I understand, as other posters have mentioned, that work in HN-friendly areas
can potentially have important effects, such as the democratic empowerment
enabled by social media for example, but I'm sure there are amazing technical
things being done in all sorts of interesting fields that don't get much
traction here.

Also, I think the author is misunderstanding the business model Dalton is
proposing. The platform will be paid for via subscriptions; the crowdsourcing
aspect is just there initially to ensure a critical mass of participants,
something crucial for venues with network effects.

------
mcmatterson
I fear michael may be misunderstanding the depth / underlying intent / happy
follow-on effects from the app.net proposal. I don't see it as a 'better
Twitter' so much as I see it as an app-friendly social network touchpoint,
basically OpenFeint with less of a gaming bias. This is a separate
consideration than how 'real-world' the product is, but one that nonetheless
merits mention.

------
cletus
I almost missed this post (meaning I scanned the title and didn't read it).
I'm glad I didn't. It's a good post. I like it for a number of reasons:

1\. Speaking as someone who lives in NYC, I too think it's got a lot going for
it. Housing (at least compared to SF; I'm less familiar with how horrible the
housing market is further as you go towards San Jose), infrastructure, a more
balanced mix of people (the Valley is more dominated than NYC by 20 and 30
something male engineers), etc;

2\. This post in some ways echoes my own feelings about Twitter {eg [1]).
Twitter seems to suffer this dichotomy between being a service and being
infrastructure.
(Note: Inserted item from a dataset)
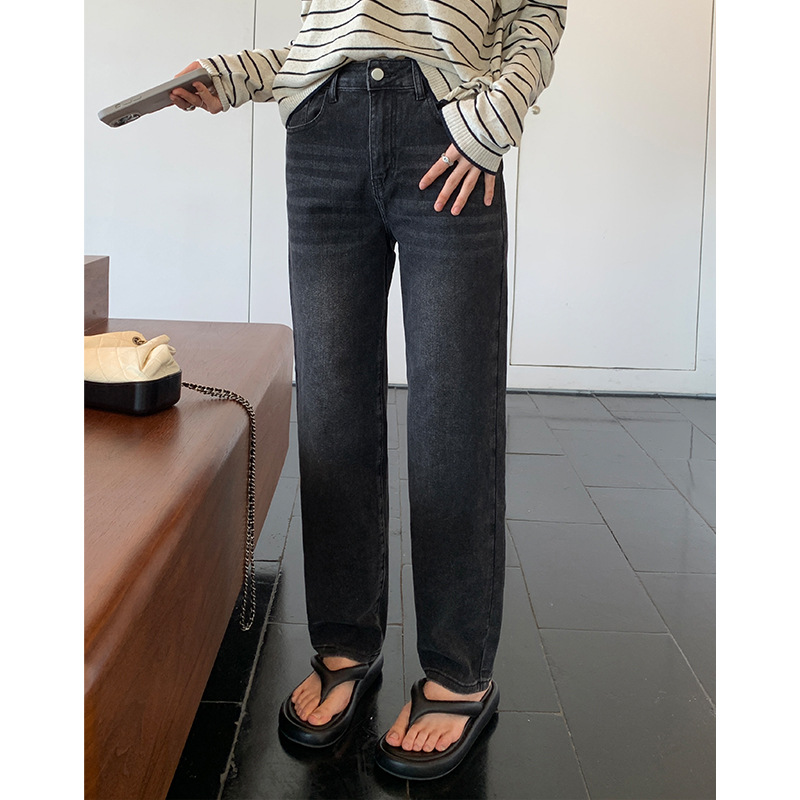 Главная страница > 4 цвета джинсы с высокой талией женский 2025 новый стиль свободные прямые брюки слегка пухлые толстые толстые джинсы женские

One of my arguments is that the messaging infrastructure that
ultimately dethrones SMS is too valuable to be proprietary.
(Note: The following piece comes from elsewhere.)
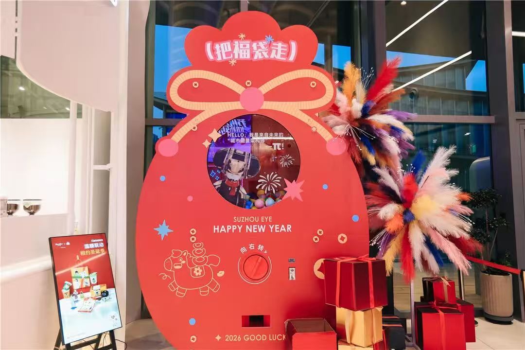 潮趣當然不僅于此?;顒悠陂g,“蘇州之眼”摩天輪設置八大主題裝置,市民游客不僅可以打開解鎖專屬新年運勢,還可同步領取文創禮品;每天整點,現場將隨機開展互動問答,分時段派發各類文創好禮;全新升級的“馬上轉運”扭蛋機2.0也將同步開放,讓驚喜、好運雙重升級。

Of course to be clear Dalton seems to be talking about a "real-time
notification API", which is a little different to messaging but it shares a
lot of the same problem domain.

I think this is important infrastructure but it's going to be a thankful (and
probably fruitless) task, particularly in building an open, well, whatever.
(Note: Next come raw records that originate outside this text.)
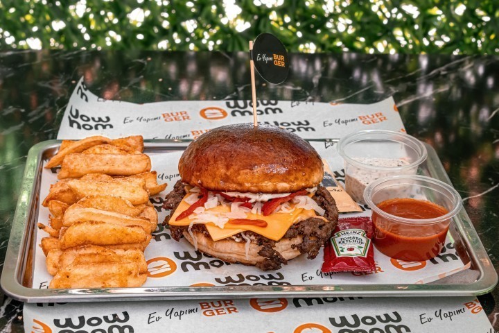 Brioche ekmeği, wow ekmek sosu, 100 gr smash köfte, cheddar peyniri, kapya biber, lahana turşusu
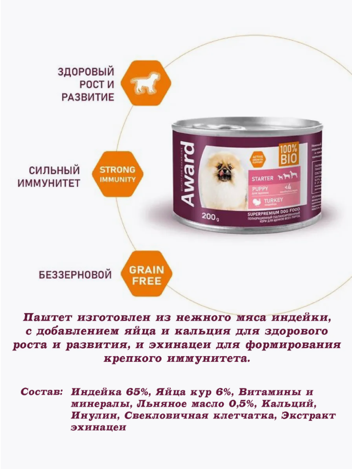 Влажный корм AWARD для щенков с начала прикорма до 4 месяцев, беременных и кормящих сук паштет из индейки 200г х 3шт
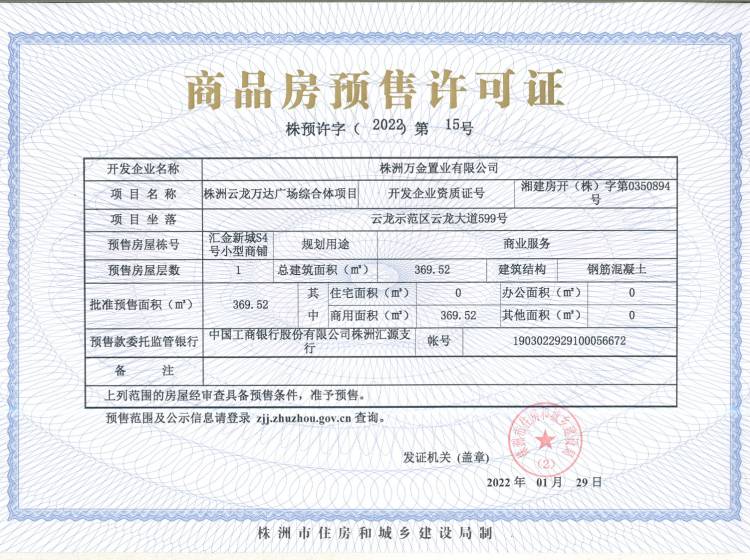 - 预许字(2022)第15号 详情发证时间 2022-01-29绑定楼栋云龙示范区云龙大道599号汇金新城S4号小型商铺

3\. It echoes my own view that something like a "better Twitter" is really a
"small problem" [2].

I see Dalton has responded and there he has roots in his current community.
You can't argue with that. But I'm all for promoting NYC as an alternate tech
hub and the idea of tackling big problems.

[1]: <http://news.ycombinator.com/item?id=4186157>

[2]: <http://news.ycombinator.com/item?id=4244709>

------
budu3
Can you please let the man at least launch first before you start tearing down
the project?

------
54mf
A better Twitter is insignificant, but a dating service with a gimmick isn't?